Julie Bishop, whose ill thought out talking points on teacher performance pay went precisely nowhere when they were considered last week at a ministerial meeting with the states as predicted, has come clean and admitted her “incentives” model would lead to many teachers being paid less. The Minister, of course, is not advocating a pay cut for teachers, or is she?
“If people aren’t being paid just on the basis of years in the job, the increments would not automatically increase,” she told ABC’s Insiders program.
“Those who are assessed as being more skilled — their performance is better than others — would have a salary increase. Those who would not be so assessed would be paid less.”
Yet she denied that this amounted to cutting wages.
“I’m not talking about pay cuts. I’m talking about a differential in salaries,” she said.

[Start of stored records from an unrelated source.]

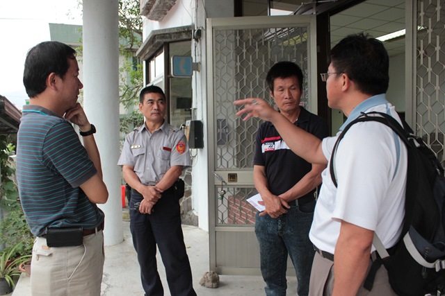 章先生(右二)與桃源分駐所所長(右三)、林務局人員(右一),在爆發恐嚇事件到桃源作筆錄後交談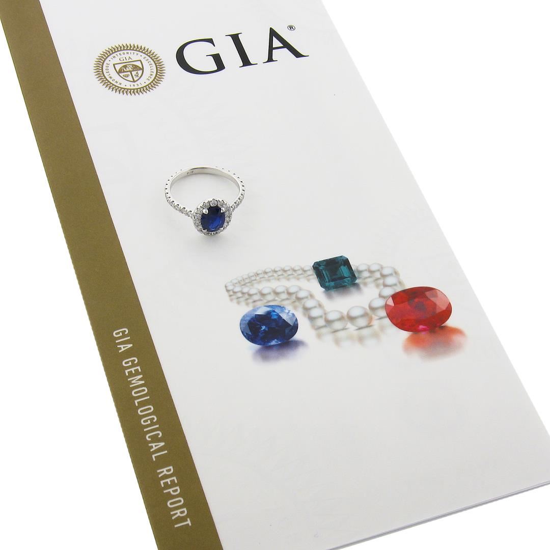 A new solid platinum ring, with 1 GIA graded oval cut natural sapphire (1.10ct), and 38 round cut natrual diamonds (F/G - VS1/VS2 ; 0.80ctw). The ring is size 7.5, weighs a total of 3.65 grams, and measures 11.4mm wide. Comes with all original relevant certifications.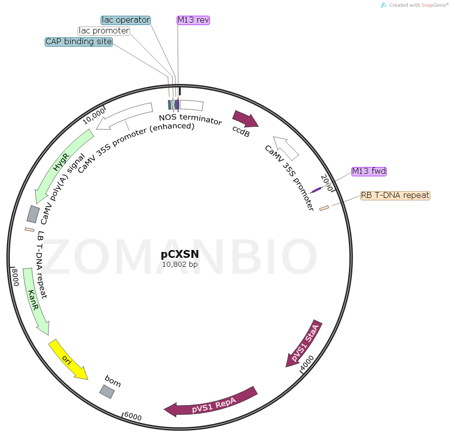 pCXSN質(zhì)粒是一個(gè)植物過表達(dá)載體,用Xcm I 酶切后變成T載體,連入基因后可直接轉(zhuǎn)化。其參考文獻(xiàn)是A versatile zero background T-vector system for gene cloning and functional genomics.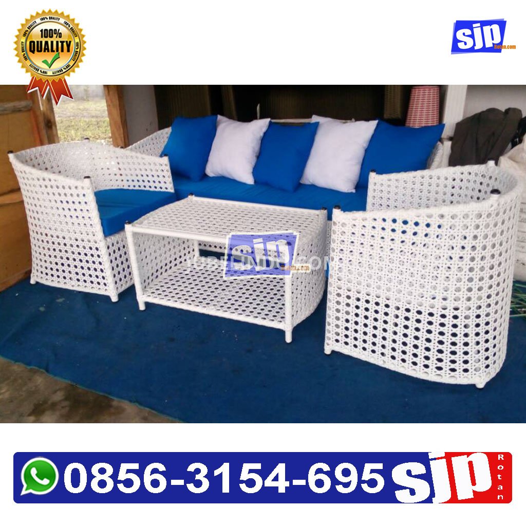 sofa rotan sintetis anyaman mata ayam rangka besi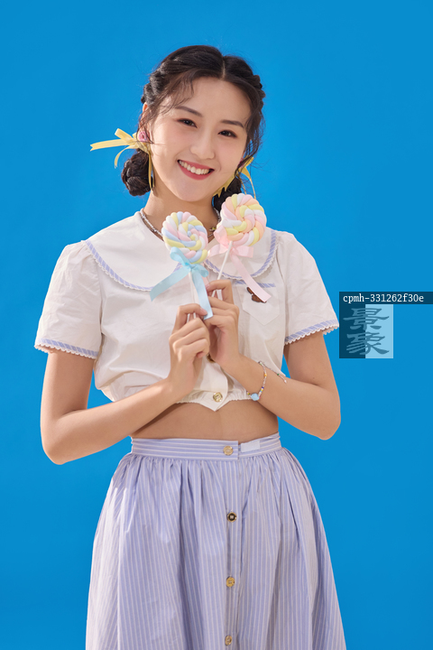 图片标题: 蓝色背景下的拿着棒棒糖的快乐女人
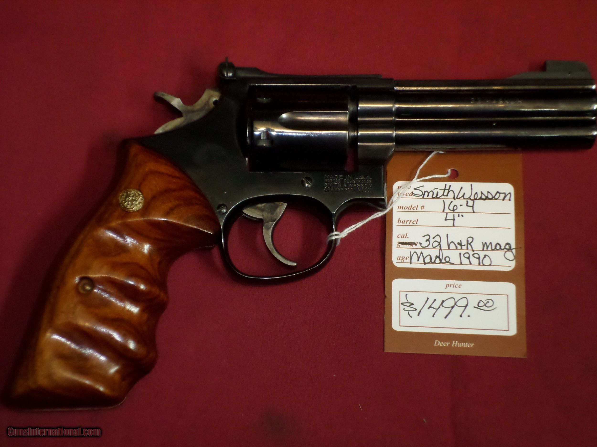 Description: SOLD For sale, Smith & Wesson Model 16-4, 4" blued .32 H&R Magnum. Like new in the box. Circa 1990 SOLD To see more of our inventory, visit deerhunterguns,com We collect 7% sales tax for Florida sales. We accept MC, Visa and Discover, no AmEx. No Sales to California. Shipping to lower 48 is: Handguns= $30 (USPS Priority) Long guns= $40 (UPS Ground Ins.) Like us on Facebook: Deer Hunter Guns SOLD |

Some of her previous musings have acknowledged that part of the problem with the teaching profession is that many who would otherwise want to join it, or stay in it, get demoralised by the comparatively low pay. Getting “stuck” at the top of a rather short incremental ladder is a big part of it. It’s pretty obvious to anyone but the logically challenged Federal Minister why the current proposal is an awful idea, but if you need any convincing, go read this ripper of a post from Pavlov’s Cat:
Is this what happens when pollies blindly follow the ideology of their parties? Is the economic-rationalist notion that human beings are merely quantifiable units something that these people really believe? Or have they just stopped bothering to see whether the ideology matches up with the daily life as we know and live it?
But in the meantime, Ms Bishop, here’s an idea for improving the performance of teachers. Leave them the hell alone, and stop putting even more unwanted and unwarranted stress on them than the load they’re already carrying.
Update: Tigtog links to a number of posts at different blogs on the Bishop and performance pay themes.